Conduct disorder (CD) is characterized by severe antisocial behavior that emerges in childhood (early-onset CD [EO-CD]) or adolescence (adolescence-onset CD [AO-CD]). Early-onset CD is proposed to have a neurodevelopmental basis, whereas AO-CD is thought to emerge owing to social mimicry of deviant peers. However, this developmental taxonomic theory is debated after reports of neuropsychological impairments in both CD subtypes. A critical, although unaddressed, issue is whether these subtypes present similar or distinct neurophysiological profiles.
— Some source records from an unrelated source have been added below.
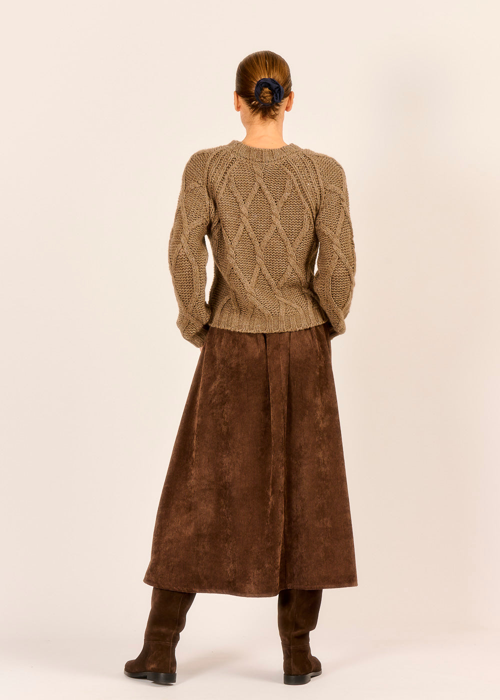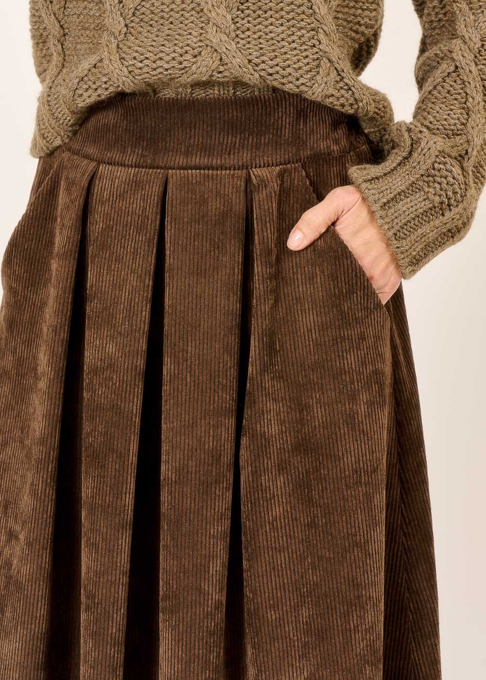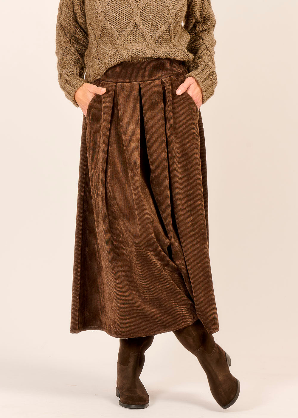 Dieser elegante Maxirock aus weichem Cord in sattem Moka (Dunkelbraun) vereint Stil und Tragekomfort dank der raffinierten Passe vorne und einem bequemen Gummizug hinten. Die modischen, weiten Falten verleihen dem Rock eine feminine Weite und Eleganz, während die praktischen seitlichen Eingriffstaschen Lässigkeit in das Design bringen. Ein wunderbares Key-Piece, das besonders im Herbst und Winter mit Stiefeln und Strickpullovern stilvolle Textur-Akzente setzt.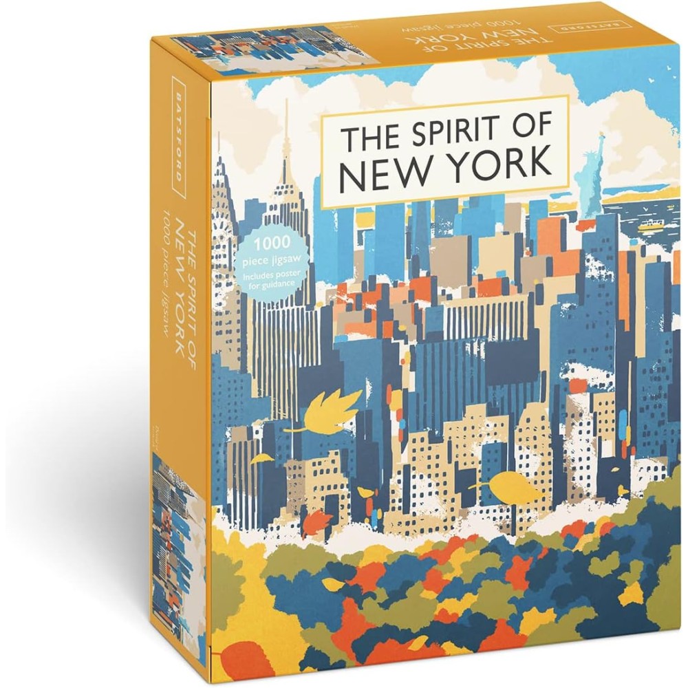 1000-piece jigsaw puzzle of an iconic New York illustration, inspired by classic Batsford book covers of the 1930s and 40s.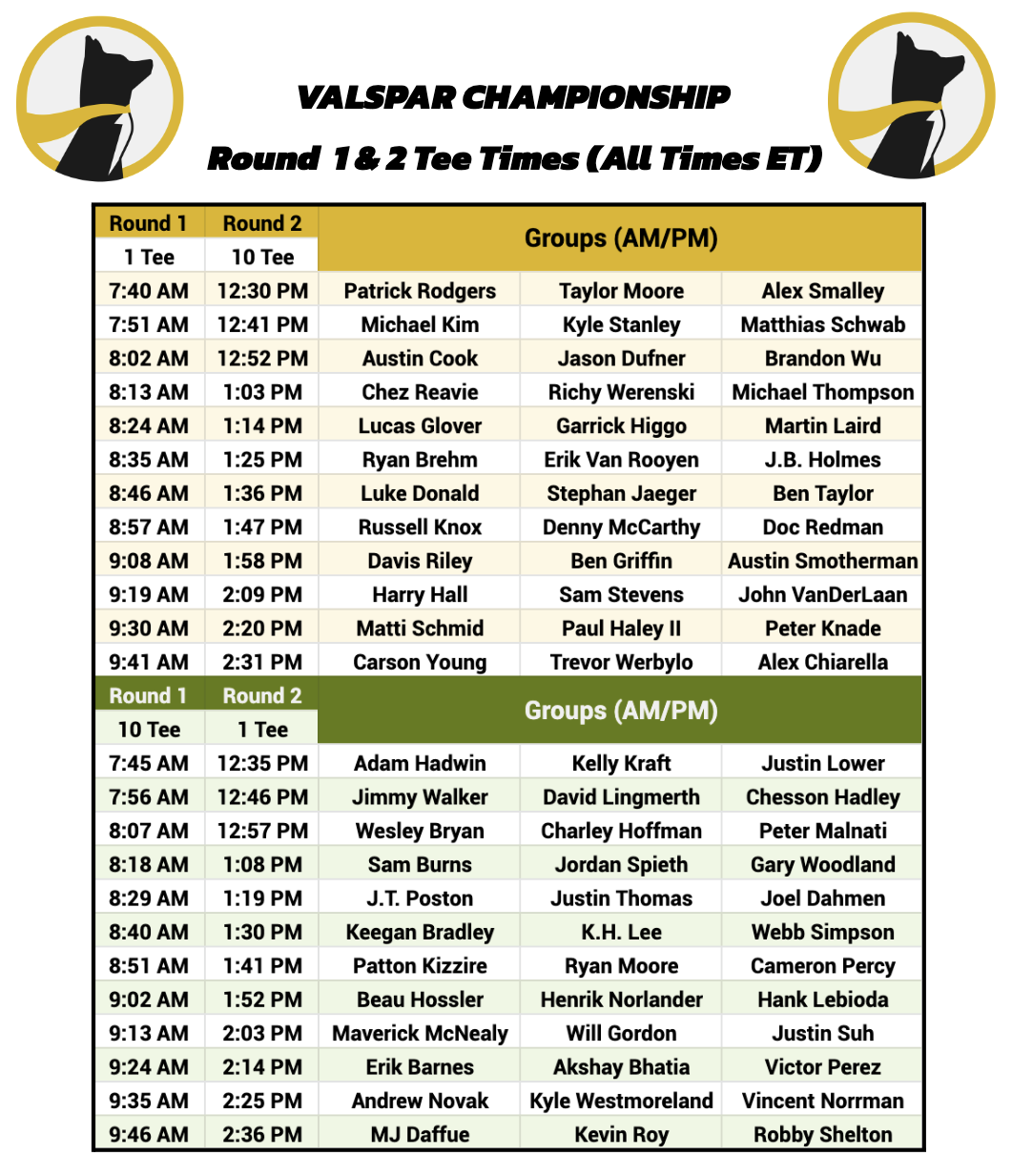 Updated throughout each tournament week, 'The Starter' will provide key news, notes, and other nuggets prior to the first tee time on Thursday morning. Think of it as an all-in-one resource to help guide you in the days leading up to the start of the tournament, as you prepare your fantasy golf lineups and entries. As soon as we receive valuable news updates on things such as tee times, featured groups, withdrawals and other course reports we’ll be sure to post them all here.

Hence, we investigated neurophysiological responses to emotional and neutral faces in regions associated with antisocial behavior (ie, the amygdala, ventromedial prefrontal cortex, insula, and orbitofrontal cortex) in individuals with EO-CD and AO-CD and in healthy control subjects.

Objective

To investigate whether EO-CD and AO-CD subjects show neurophysiological abnormalities.

Design

Case-control study.

Setting

Government research institute, university department.

Participants

Seventy-five male adolescents and young adults aged 16 to 21 years, including 27 with EO-CD, 25 with AO-CD, and 23 healthy controls.

Main Outcome Measure

Neural activations measured by functional magnetic resonance imaging while participants viewed angry, sad, and neutral faces.

Results

Comparing angry vs neutral faces, participants with both CD subtypes displayed reduced responses in regions associated with antisocial behavior compared with controls; differences between the CD subtypes were not significant. Comparing each expression with fixation baseline revealed an abnormal (increased) amygdala response to neutral but not angry faces in both groups of CD relative to controls. For sad vs neutral faces, reduced amygdala activation was observed in EO-CD relative to AO-CD and control participants. Comparing each expression with fixation revealed hypoactive amygdala responses to sadness in individuals with EO-CD relative to AO-CD participants and controls. These findings were not accounted for by attention-deficit/hyperactivity disorder symptoms.

Conclusions

Neurophysiological abnormalities are observed in both CD subtypes, contrary to the developmental taxonomic theory of CD. Additional amygdala hypofunction in relation to sad expressions might indicate why EO-CD is more severe and persistent than AO-CD.